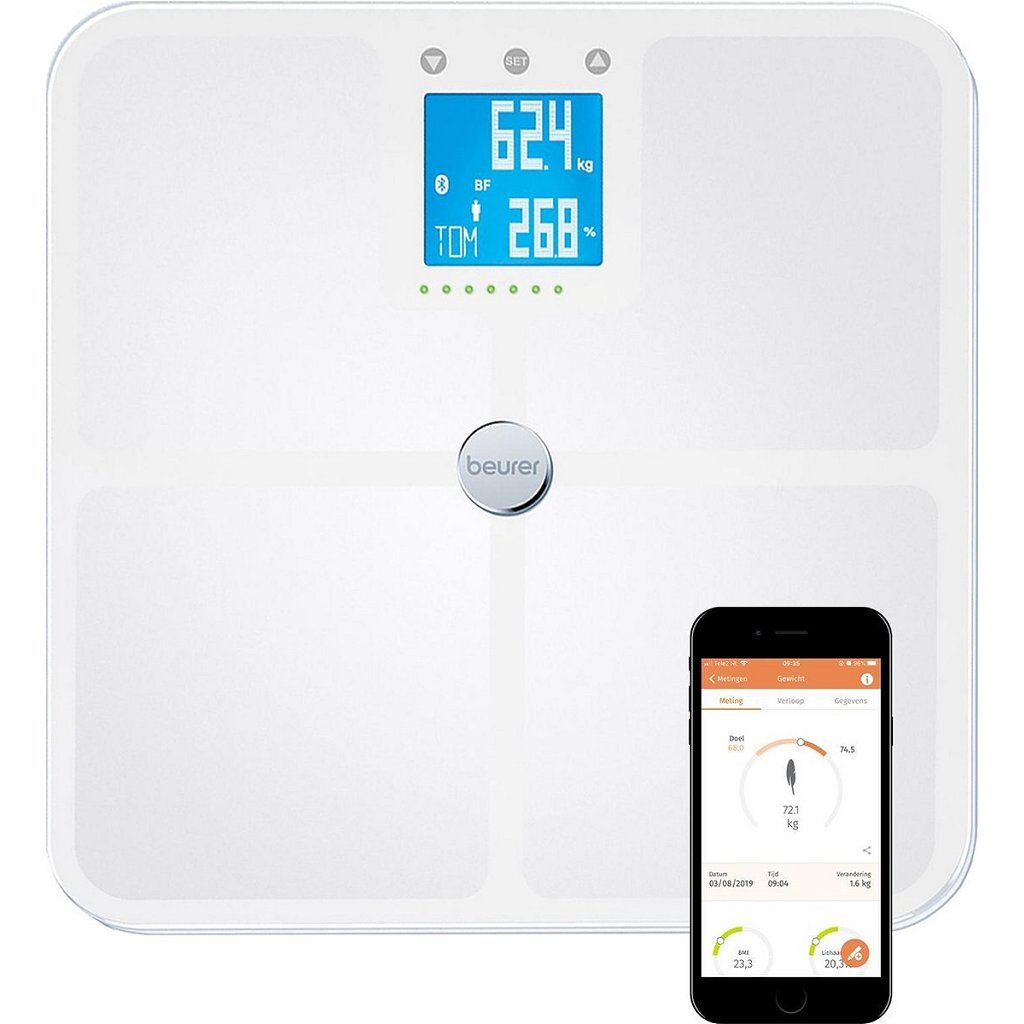 De Beurer BF950 is een diagnostische weegschaal. De weegschaal maakt een lichaamsanalyse van: gewicht, lichaamsvet, lichaamsvocht, spierpercentage, botmassa, AMR/BMR en BMI. De weegschaal heeft een zwangerschapsmodus voor een gecontroleerde gewichtstoename tijdens de zwangerschap. Door de bluetooth functie kan de weegschaal automatisch data verzenden als de HealthManager-app van Beurer is geopend op de smartphone of tablet.
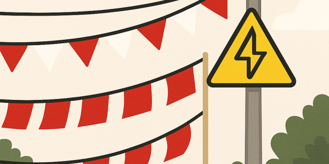 KARIMATA.NET, PAMEKASAN – Antusiasme masyarakat dalam menyambut Hari Kemerdekaan terlihat dari banyaknya pernak-pernik bertema 17 Agustus seperti lampu hias dan umbul-umbul yang mulai terpasang di berbagai tempat. Namun, pemasangan umbul-umbul tanpa memperhatikan aspek keamanan berpotensi membahayakan, terutama jika menyentuh jaringan listrik.
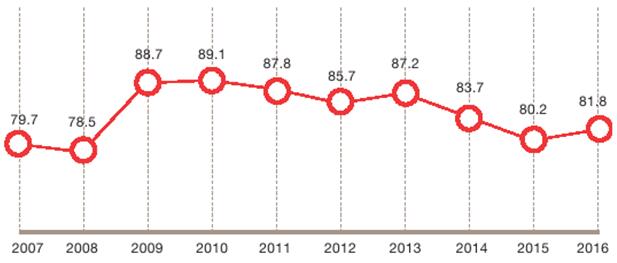 根據(jù)本次發(fā)布的指數(shù)數(shù)據(jù)顯示,最近十年中,“中國(guó)汽車經(jīng)銷商金融發(fā)展指數(shù)”主指數(shù)分值變動(dòng)區(qū)間為78.5-89.1,其中2016年為81.8,較2015年有一定回升,反映過去一年汽車經(jīng)銷商金融領(lǐng)域重拾增長(zhǎng)勢(shì)頭。此外,據(jù)四個(gè)分項(xiàng)指數(shù)預(yù)計(jì),2017年行業(yè)景氣指數(shù)和流通渠道健康指數(shù)將保持總體平穩(wěn),信貸安全指數(shù)與融資活躍指數(shù)將有所提升。據(jù)悉,該系列指數(shù)今后將定期對(duì)外發(fā)布。
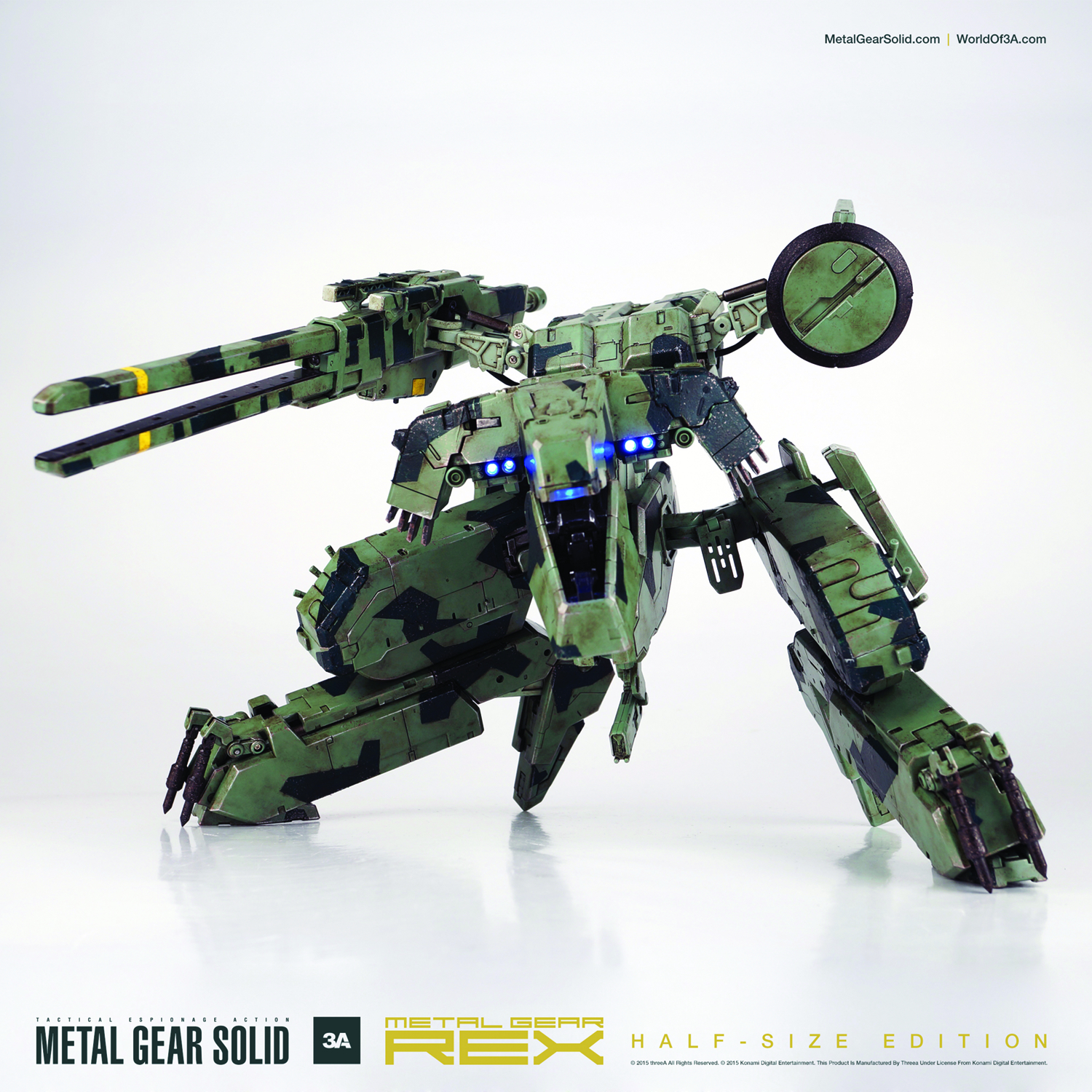 Metal Gear Rex returns by popular demand, this time in a Half-Size Edition much friendlier for smaller spaces. Rex retains the Light-Up system and incredible level of detail as its larger counterpart! The half-size edition features improved articulation including the ability to turn its head. Hatches on the knees and back-unit open and close -- no removal necessary! Comes with a Railgun measuring nearly 12" long and has a resting height of more than 8". The rail gun and head have the same illumination features as on the original full-size edition. (Requires 9 AG1 batteries, not included.)
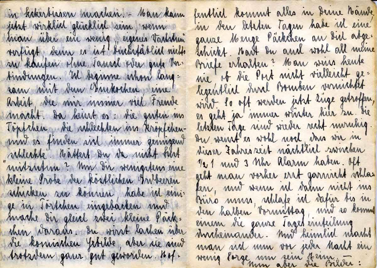 fentlich kommt alles in Deine Hände, in den letzten Tagen habe ich eine ganze Menge Päckchen an Dich ab geschickt. Hast Du auch wohl alle meine Briefe erhalten? Man weiß ja heute nie, ob die Post nicht vielleicht gelegentlich durch Bomben vernichtet wird. So oft werden jetzt Züge getroffen, es geht ja immer wüster hier zu. Die letzten Tage sind wieder recht unruhig. Du weißt es wohl noch, dass wir in dieser Jahreszeit nächtlich zwischen halb eins und drei Uhr Alarm haben. Oft geht man vorher gar nicht erst schlafen, und wenn ich dann nicht ins Büro muss, schlafe ich dafür bis in den halben Vormittag, und so kommt einem die ganze Tageseinteilung durcheinander. Und heimlich macht man sich nun vor jeder Nacht eine wenig Sorge um sein Heim. -
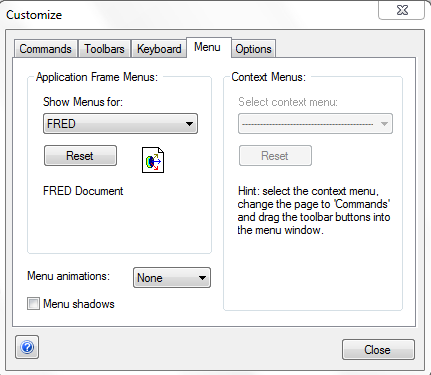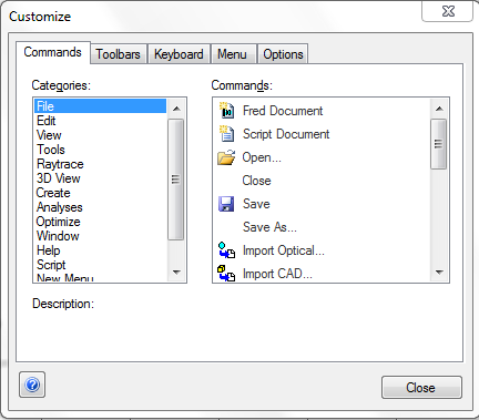 Commands The commands tab of the customization dialog is a full list of the available toolbar buttons that can be placed in your toolbars, with the various commands shown in corresponding categories. For example, the File commands include toolbar buttons for creating FRED documents, opening files, saving files, etc. Note that there is an All Commands entry in the Categories list that will show every available toolbar button in the program.
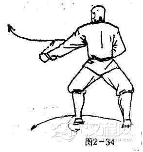 左脚向左一步,震脚落地两腿屈膝成马步,同时,两掌变拳,左拳向左下侧冲击斜撑,拳心向前,拳眼斜向上.右臂屈肘右拳护于腰间右前侧,拳心向上,拳眼向外。目视左侧方(图2一34)
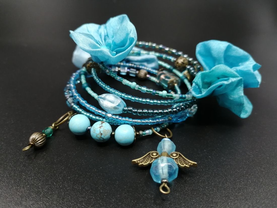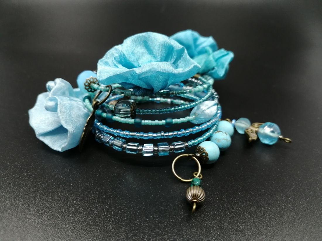 Színei: türkiz, világoskék, vízkék, türkizzöld, bronz színű bizsu alaktrészek
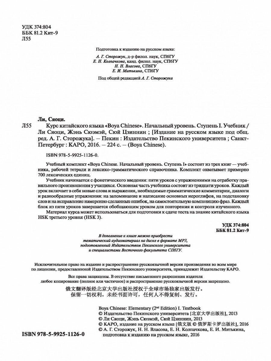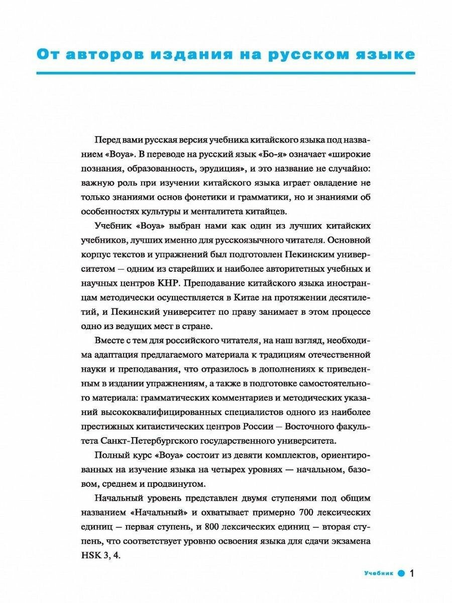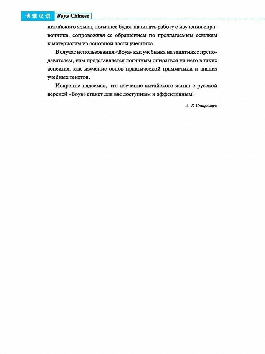 "Boya" - результат многолетней работы экспертов Пекинского университета. Издание на русском языке подготовлено специалистами Восточного факультета СПбГУ с учетом опыта традиций преподавания китайского языка в России. По сравнению с оригинальным учебником русское издание существенно дополнено грамматическими комментариями, новыми упражнениями, словарем и ключами к упражнениям.

-.-.-

**YOUR INSTRUCTIONS:** Please give the records again word for word, omitting all images.

**RESPONSE BOX:**
 De Beurer BF950 is een diagnostische weegschaal. De weegschaal maakt een lichaamsanalyse van: gewicht, lichaamsvet, lichaamsvocht, spierpercentage, botmassa, AMR/BMR en BMI. De weegschaal heeft een zwangerschapsmodus voor een gecontroleerde gewichtstoename tijdens de zwangerschap. Door de bluetooth functie kan de weegschaal automatisch data verzenden als de HealthManager-app van Beurer is geopend op de smartphone of tablet.
 KARIMATA.NET, PAMEKASAN – Antusiasme masyarakat dalam menyambut Hari Kemerdekaan terlihat dari banyaknya pernak-pernik bertema 17 Agustus seperti lampu hias dan umbul-umbul yang mulai terpasang di berbagai tempat. Namun, pemasangan umbul-umbul tanpa memperhatikan aspek keamanan berpotensi membahayakan, terutama jika menyentuh jaringan listrik.
 根據(jù)本次發(fā)布的指數(shù)數(shù)據(jù)顯示,最近十年中,“中國(guó)汽車經(jīng)銷商金融發(fā)展指數(shù)”主指數(shù)分值變動(dòng)區(qū)間為78.5-89.1,其中2016年為81.8,較2015年有一定回升,反映過去一年汽車經(jīng)銷商金融領(lǐng)域重拾增長(zhǎng)勢(shì)頭。此外,據(jù)四個(gè)分項(xiàng)指數(shù)預(yù)計(jì),2017年行業(yè)景氣指數(shù)和流通渠道健康指數(shù)將保持總體平穩(wěn),信貸安全指數(shù)與融資活躍指數(shù)將有所提升。據(jù)悉,該系列指數(shù)今后將定期對(duì)外發(fā)布。
 Metal Gear Rex returns by popular demand, this time in a Half-Size Edition much friendlier for smaller spaces. Rex retains the Light-Up system and incredible level of detail as its larger counterpart! The half-size edition features improved articulation including the ability to turn its head. Hatches on the knees and back-unit open and close -- no removal necessary! Comes with a Railgun measuring nearly 12" long and has a resting height of more than 8". The rail gun and head have the same illumination features as on the original full-size edition. (Requires 9 AG1 batteries, not included.)
 fentlich kommt alles in Deine Hände, in den letzten Tagen habe ich eine ganze Menge Päckchen an Dich ab geschickt. Hast Du auch wohl alle meine Briefe erhalten? Man weiß ja heute nie, ob die Post nicht vielleicht gelegentlich durch Bomben vernichtet wird. So oft werden jetzt Züge getroffen, es geht ja immer wüster hier zu. Die letzten Tage sind wieder recht unruhig. Du weißt es wohl noch, dass wir in dieser Jahreszeit nächtlich zwischen halb eins und drei Uhr Alarm haben. Oft geht man vorher gar nicht erst schlafen, und wenn ich dann nicht ins Büro muss, schlafe ich dafür bis in den halben Vormittag, und so kommt einem die ganze Tageseinteilung durcheinander. Und heimlich macht man sich nun vor jeder Nacht eine wenig Sorge um sein Heim. -
 Commands The commands tab of the customization dialog is a full list of the available toolbar buttons that can be placed in your toolbars, with the various commands shown in corresponding categories. For example, the File commands include toolbar buttons for creating FRED documents, opening files, saving files, etc. Note that there is an All Commands entry in the Categories list that will show every available toolbar button in the program.
 左脚向左一步,震脚落地两腿屈膝成马步,同时,两掌变拳,左拳向左下侧冲击斜撑,拳心向前,拳眼斜向上.右臂屈肘右拳护于腰间右前侧,拳心向上,拳眼向外。目视左侧方(图2一34)
 Színei: türkiz, világoskék, vízkék, türkizzöld, bronz színű bizsu alaktrészek
 "Boya" - результат многолетней работы экспертов Пекинского университета. Издание на русском языке подготовлено специалистами Восточного факультета СПбГУ с учетом опыта традиций преподавания китайского языка в России. По сравнению с оригинальным учебником русское издание существенно дополнено грамматическими комментариями, новыми упражнениями, словарем и ключами к упражнениям.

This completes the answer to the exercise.